I'm trying to use R's built-in stats package to statistically measure the difference between what I observe and what I expect. I believe the best test to use is a t-test (using t.test) - however that seems to just compare means. Here's my simple data:
Let's say I take a lightbulb and put some energy into it, and measure the brightness. I do it four times and the results are brightness_1. Then I increase the energy and measure four more times - that's brightness_2.
Okay - so if I combine however much energy I used for both experiments, I would expect to see the brightness is the combination. Maybe I'd expect something like an average of ~10. However, what I see is that my values are much higher than expected : brightness_combined.
How can I measure this? If I use a t-test with the average of brightness_combined set as the 'mu' value, it will compare the means....but I want it to compare the sum of brightness_1 and brightness_2. If I were to sum them beforehand, I lose the number of samples, right?

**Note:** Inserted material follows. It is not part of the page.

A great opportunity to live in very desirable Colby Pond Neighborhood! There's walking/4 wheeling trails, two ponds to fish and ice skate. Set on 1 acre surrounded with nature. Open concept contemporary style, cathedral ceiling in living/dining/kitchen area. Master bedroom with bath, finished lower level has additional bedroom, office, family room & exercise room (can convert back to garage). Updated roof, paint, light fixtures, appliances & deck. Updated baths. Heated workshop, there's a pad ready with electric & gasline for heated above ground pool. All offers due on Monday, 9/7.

You must to evaluate the energy like a continuous variable instead a categorical one... You must evaluate an exponential model or a polynomic one (second level maybe)...
I wasn't familiar with the exp feature before, thank you for the example!
However, isn't this ignoring that the 'expected' is supposed to be brightness_1 + brightness_2 ? In my own experiment I expect the combined_brightness to be the average of (1,1,2,2) + average of (8,9,8,10) - meaning my actual observation (70, 71, 71, 74) is much higher compared to that sum. But I think here if I'm correct it's the actual observation compared to the exponential model of each drug?